Multi-objective optimisation of variable-stiffness composite cylinders with geometric imperfections

Abstract

This study presents an imperfection-tolerant, surrogate-assisted framework for the multi-objective optimisation of variable-stiffness (VS) composite cylinders that explicitly incorporates experimentally measured geometric imperfections. Principal component analysis (PCA) is applied to extract dominant imperfection modes from experimental data, and Latin hypercube sampling (LHS) is used to generate statistically consistent synthetic fields, which are subsequently mapped onto nonlinear finite element (FE) models. Linear buckling and geometrically nonlinear collapse analyses are performed under axial compression to determine the ideal and actual load-carrying capacities, from which the knockdown factor (KDF), quantifying imperfection sensitivity, is derived.
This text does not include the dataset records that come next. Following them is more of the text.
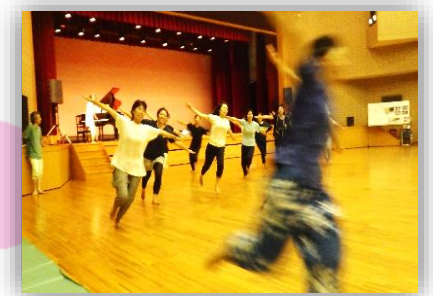
後半は保育関係者、保育士をめざす学生のためのリズム遊びを学ぶ会

子育てが楽しいものでありますように。どの子どもも幸せに育ちますように。子育て中のパパ・ママを応援します!
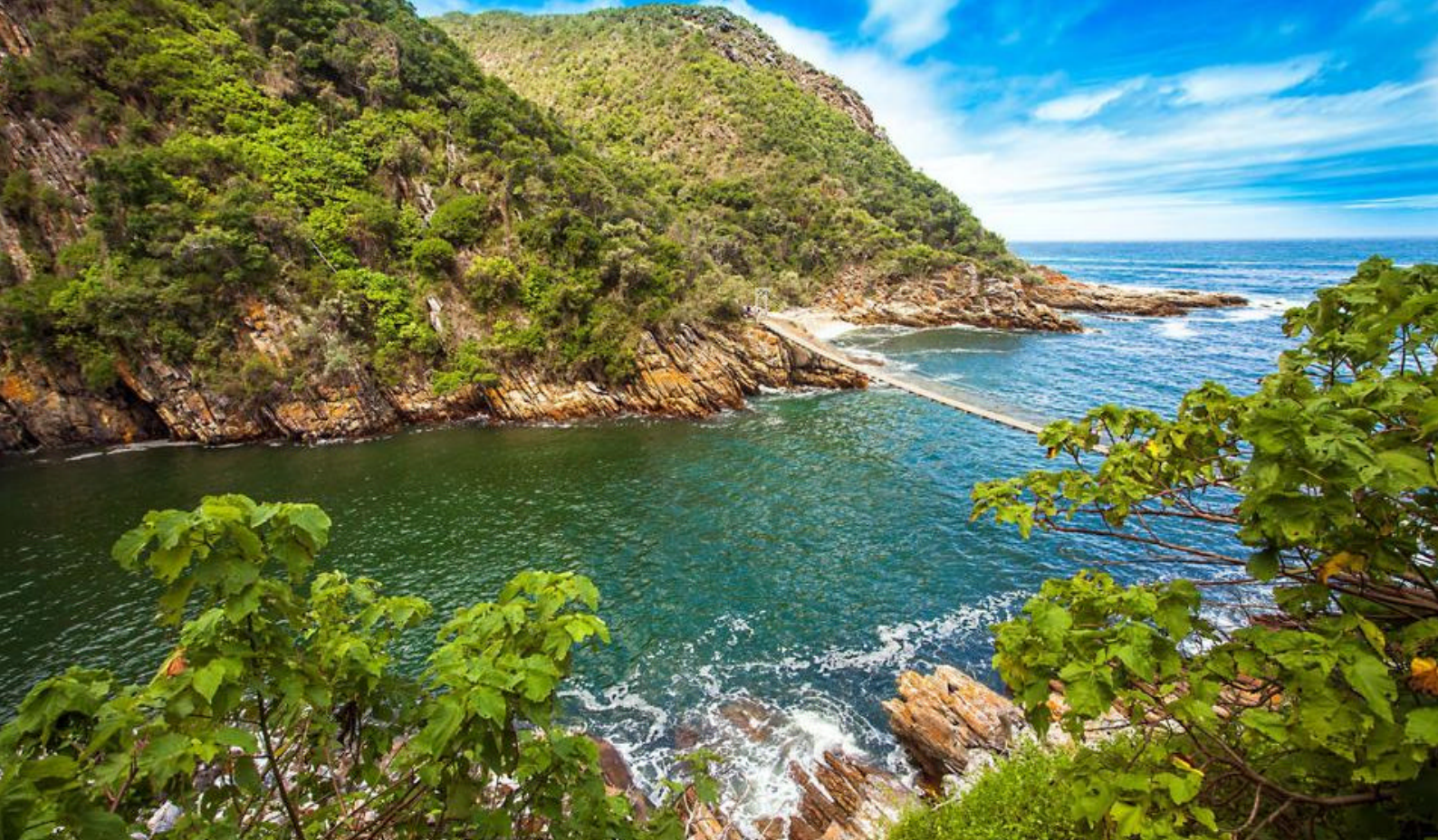
Tsitsikamma National Park
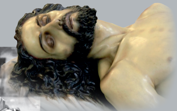
Cabeza de Cristo del paso del Sepulcro de Pamplona.
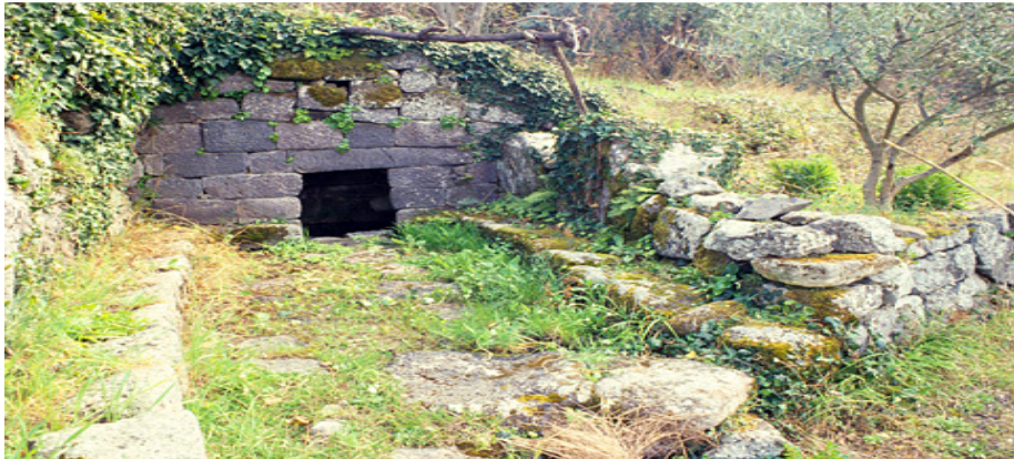
Abb. 4 - Nuraghische Quelle von Su Lumarzu.
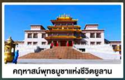
คฤหาสน์พุทธบูชาแห่งชีวีตยูลาน

🏠 พักโรงแรมพื้นเมือง แบบกันสับย มีห้องน้ำมิดชิด
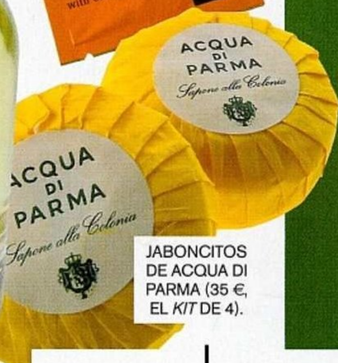
JABONCITOS DE ACQUA DI PARMA (35 €, EL KIT DE 4).

Gaussian Process Regression (GPR) surrogates are trained to predict the mass and collapse loads of perfect and imperfect geometries with high cross-validated accuracy, while KDF is computed as their ratio. The framework enables simultaneous optimisation of three objectives: mass minimisation, collapse-load maximisation, and KDF maximisation by using Bayesian Optimisation (BO) and the Non-dominated Sorting Genetic Algorithm II (NSGA-II) independently. Results demonstrate that integrating experimentally informed imperfections with surrogate-based optimisation captures the key physical trends governing buckling and imperfection sensitivity, while achieving substantial computational savings relative to direct nonlinear analyses, and that both optimisers yield consistent Pareto fronts featuring smooth, manufacturable fibre trajectories that balance lightweight efficiency, strength, and robustness.